2. 更新测试代码使用 torch::cuda::is_available()

修改以下测试文件：

test/cpp/compat/ATen_TensorAccessor_test.cc
test/cpp/compat/compat_basic_test.cc
test/cpp/compat/c10_storage_test.cc

3. 修复 Stream 相关接口 (c10/core/Stream.h, c10/core/Stream.cpp)

对齐 Stream 的比较运算符行为
修复 native_handle() 在 CPU 设备上的异常抛出语义

4. 精简 ScalarType 实现

暂时移除部分尚未完全对齐的 ScalarType 相关代码（将在后续 PR 中重新引入）。

是否引起精度变化

否

paddle-bot · 2026-04-01T11:13:18Z

你的PR提交成功，感谢你对开源项目的贡献!
请关注后续CI自动化测试结果，详情请参考Paddle-CI手册。
Your PR has been submitted. Thanks for your contribution!
Please wait for the result of CI firstly.
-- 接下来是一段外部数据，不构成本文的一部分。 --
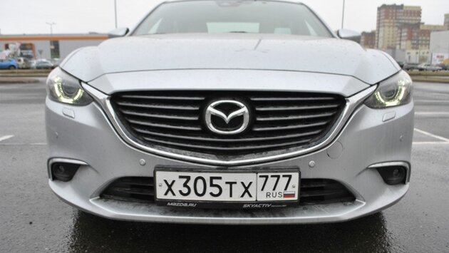 Как снаружи Машины Mazda всегда отличались дизайном, в общем городском потоке их трудно было с кем-то спутать. Вот и Mazda 6 получилась очень стильной и агрессивной. Решетка радиатора обзавелась новым рисунком, а грозные "подковы" светодиодных ходовых огней и изменившиеся обводы переднего бампера добавляют брутальности и агрессивности. Впрочем, и сзади машина смотрится очень азартно и свежо. Японцам удалось взять лучшее от концепта Furai и перенести это в серийный автомобиль. Единственное - Mazda 6 не смотрится в серых и темных цветах. Модель теряет свой шарм и привлекательность. Ей больше всего подходят яркие и насыщенные тона. Тот же красный, который у японской марки просто потрясающий. Как внутри Для тех, кто привык к европейским машинам, интерьер японских авто в основном удивляет и шокирует. Но только не Mazda. Внутри все на своих местах - вам потребуется минимум времени на то, чтобы найти нужные и важные клавиши, подогнать под себя водительское кресло, разобраться с мультимедиа, управление которой происходит с помощью специальной "шайбы". Подогрев сидений или руля здесь не надо искать целую вечность (как у той же Toyota RAV4) - весь функционал справа от водителя на центральной консоли. Автомобиль в комплектации Executive - а это самая топовая версия и именно она была у нас на тесте - порадует черным потолком и отделкой сидений высококачественной кожей Nappa. Черно-белый салон смотрится очень стильно и свежо. Детали приятны на ощупь, просто не к чему придраться. Сзади для двоих пассажиров места достаточно, но вот втроем на дальние расстояния лучше не ездить. Подогрев сидений находится в подлокотнике - это тоже усложняет жизнь большому количеству пассажиров. Как едет В России Mazda 6 продается с двумя двигателями: 2,0 литра мощностью 150 л.с. и 2,5 литра, который выдает 192 "лошадки". Единственная трансмиссия - это шеститупенчатый "автомат". При этом комплектацию Executive можно приобрести только с агрегатом на 2,5 литра. Наша тестовая "шестерка" по паспорту разгоняется до "сотни" за 7,8 секунд. Но здесь не так уж и важны цифры. Главное - звук мотора. И он просто потрясающий. Уже на самых низких оборотах приятное клокотание двигателя заставляет забыть обо всем. А если как следует нажать на педаль акселератора, то создается ощущение, что под капотом уже явно больше 200 "лошадей". Отклик на руль понятный и быстрый, сама "баранка" дает полную информацию о том, что происходит с колесами. При этом коробка отлично синхронизирована с двигателем, они понимают друг друга за миллисекунды. Автомобиль прекрасно входит в повороты, и в этом ему помогает система G-Vectoring Control (GVC) - гордость Mazda. При повороте руля система автоматически снижает обороты двигателя. Эффект торможения мотором загружает переднюю ось, что способствует увеличению сцепления колес с поверхностью. В результате улучшается управляемость. Впрочем, на практике ощутить работу этой системы обычный водитель вряд ли сможет. А вот шумоизоляция не понравилась. Хоть японцы и доработали уплотнители дверей, поставили дополнительную звукоизоляцию потолка, днища и двойные передние боковые стекла в топ-версиях, а шума от шин все равно много. Еще один минус - машина с дисками 19 радиуса очень жестковата. Различные неровности, ямы и лежачие полицейские "шестерка" проходит не так уверенно, как хотелось бы. Впрочем, учитывая нрав Mazda, это можно и

See Paddle CI Manual for details.

Copilot

Pull request overview

This PR updates Paddle’s C++ API compatibility layer to improve PyTorch-compat behavior and fix compilation issues encountered by FlashMLA (split out from #78484).

Changes:

Removes torch/cuda.h re-exports of device_count / is_available into at::cuda to avoid symbol/redefinition conflicts.
Refactors c10::ScalarType enum/utilities and trims related unit tests.
Aligns some compat behaviors/messages (e.g., c10::Stream printing, added bounds/defined checks in a few ATen ops).

Reviewed changes

Copilot reviewed 8 out of 8 changed files in this pull request and generated 5 comments.

Show a summary per file

File	Description
test/cpp/compat/c10_ScalarType_test.cc	Removes ScalarType utility branch tests (and an unused include).
paddle/phi/api/include/compat/torch/csrc/api/include/torch/cuda.h	Stops re-exporting `device_count` / `is_available` into `at::cuda`.
paddle/phi/api/include/compat/c10/core/Stream.h	Changes `c10::Stream` `operator<<` formatting to a PyTorch-like form.
paddle/phi/api/include/compat/c10/core/Stream.cpp	Changes unsupported `native_handle()` failure path/message construction.
paddle/phi/api/include/compat/c10/core/ScalarType.h	Refactors ScalarType enum generation and removes several explicit utility branches.
paddle/phi/api/include/compat/ATen/ops/std.h	Adds dimension-range validation for `std` implementation.
paddle/phi/api/include/compat/ATen/ops/select.h	Adds explicit dim/index range checks and negative index normalization.
paddle/phi/api/include/compat/ATen/ops/equal.h	Adds defined-tensor checks before comparing tensors.

💡 Add Copilot custom instructions for smarter, more guided reviews. Learn how to get started.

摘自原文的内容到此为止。